Items from a data source:
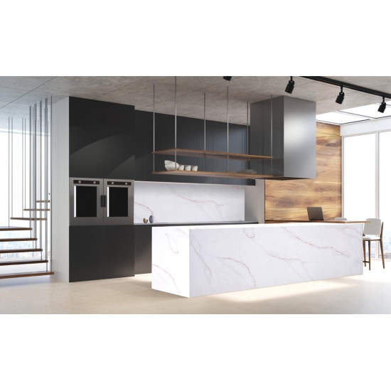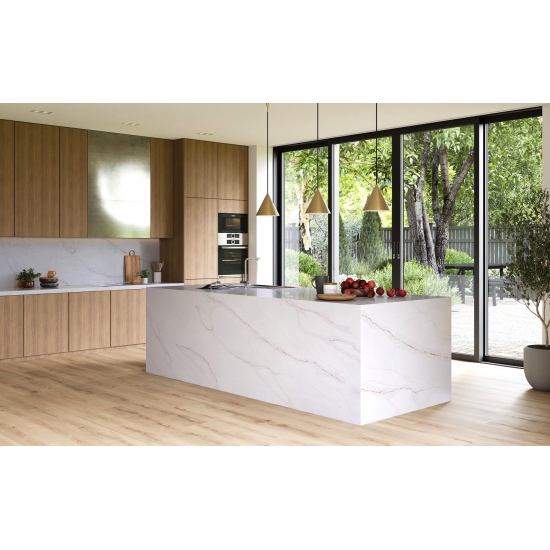 Кварц Калакатта состоит из натуральных компонентов, но при этом прочный, долговечный и обладает низкой пористостью, что делает изделия из кварцевого камня практически износостойкими. Долговечность, комфорт и однородная текстура — главные причины растущей популярности кварцевого камня. Кварцевый камень на 90% состоит из натурального камня, остальное — клей, красители и добавки, улучшающие технические свойства камня. Водопроницаемость и устойчивость к пятнам дополняют красоту кварцевого камня.
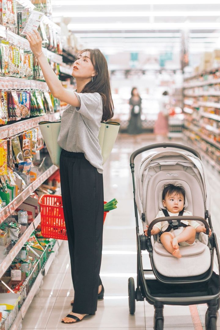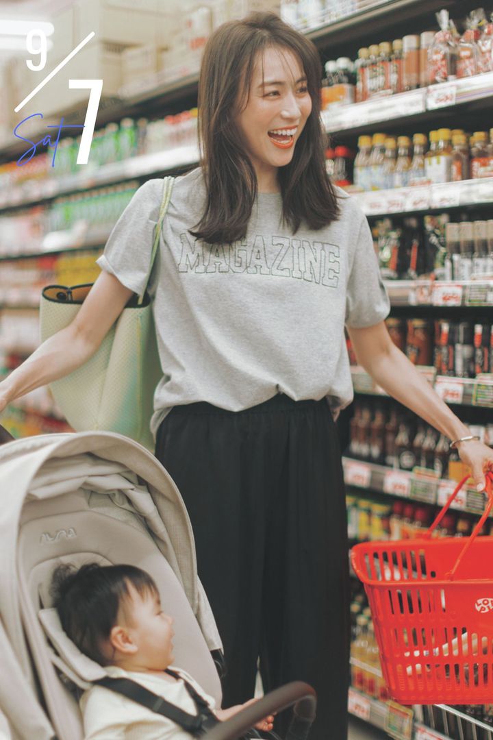 Tシャツ¥10,450※2枚セット(サードマガジン)パンツ¥19,800(レイ)ピアス¥20,900(ヴイエー ヴァンドーム青山/ヴイエー ヴァンドーム青山 有楽町マルイ店)バングル¥24,200(ete)バッグ¥58,300(ステート オブ エスケープ/リトルリーグ)サンダル¥46,200(KATIM)[子ども]ロンパース¥8,800(ロンハーマン)ベビーカー¥94,380(ヌナ/カトージ)
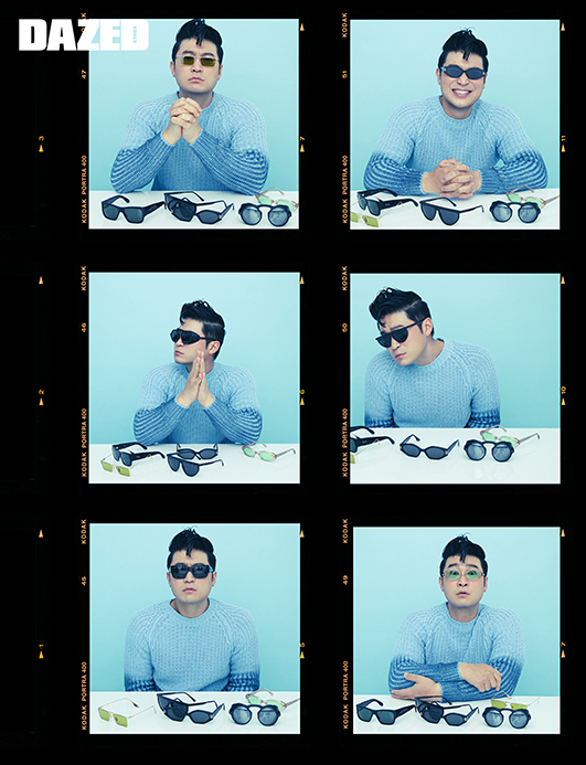 블루 그러데이션 니트 톱은 8 by 육스(8 by YOOX), 선글라스는 왼쪽 위부터 시계 방향으로 젠틀몬스터(Gentlemonster), 젠틀몬스터(Gentlemonster), 엠포리오 아르마니 by 룩소티카(Emporio Armani by Luxottica), 젠틀몬스터(Gentlemonster), 레이밴 by 룩소티카(Ray-Ban by Luxottica), 엠포리오 아르마니 by 룩소티카(Emporio Armani by Luxottica).
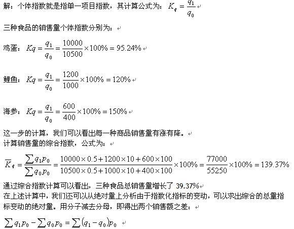 要求计算三种食品的销售量个体指数和综合指数
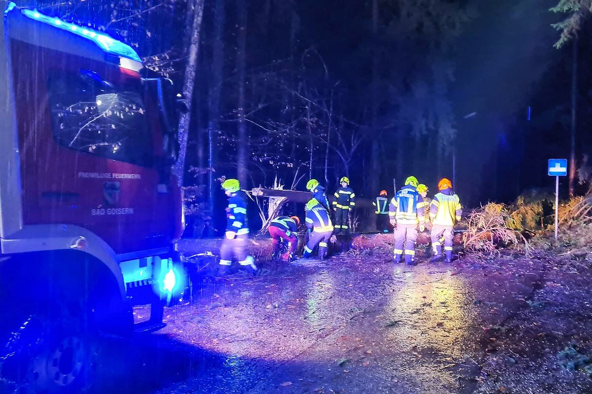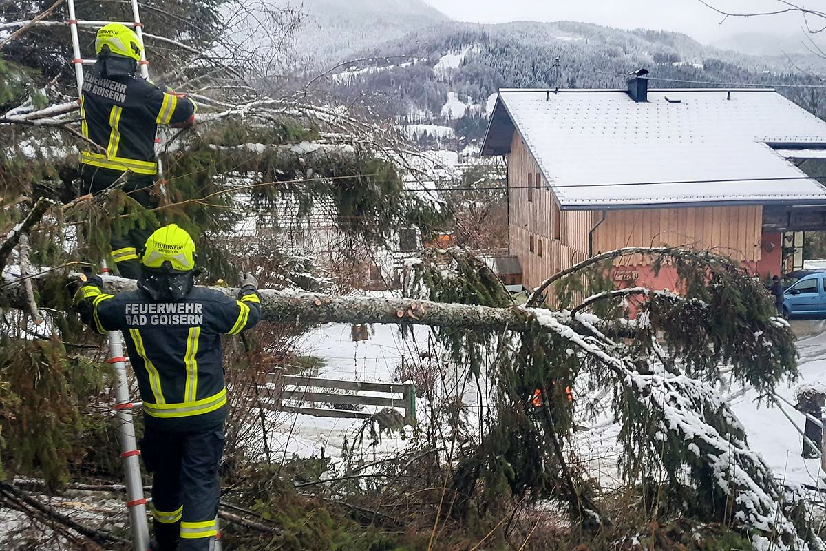 Seit Beginn des aktuellen Sturmtiefs stehen derzeit die Mitglieder der FF Bad Goisern im Dauereinsatz – weit weg von vorweihnachtlicher Stille…

__What is being asked__
Write out, word for word, the line containing "블루 그러데이션 니트" and each line after it to the end of the data, and nothing more. Drop the pictures.

__The answer__
 블루 그러데이션 니트 톱은 8 by 육스(8 by YOOX), 선글라스는 왼쪽 위부터 시계 방향으로 젠틀몬스터(Gentlemonster), 젠틀몬스터(Gentlemonster), 엠포리오 아르마니 by 룩소티카(Emporio Armani by Luxottica), 젠틀몬스터(Gentlemonster), 레이밴 by 룩소티카(Ray-Ban by Luxottica), 엠포리오 아르마니 by 룩소티카(Emporio Armani by Luxottica).
 要求计算三种食品的销售量个体指数和综合指数
 Seit Beginn des aktuellen Sturmtiefs stehen derzeit die Mitglieder der FF Bad Goisern im Dauereinsatz – weit weg von vorweihnachtlicher Stille…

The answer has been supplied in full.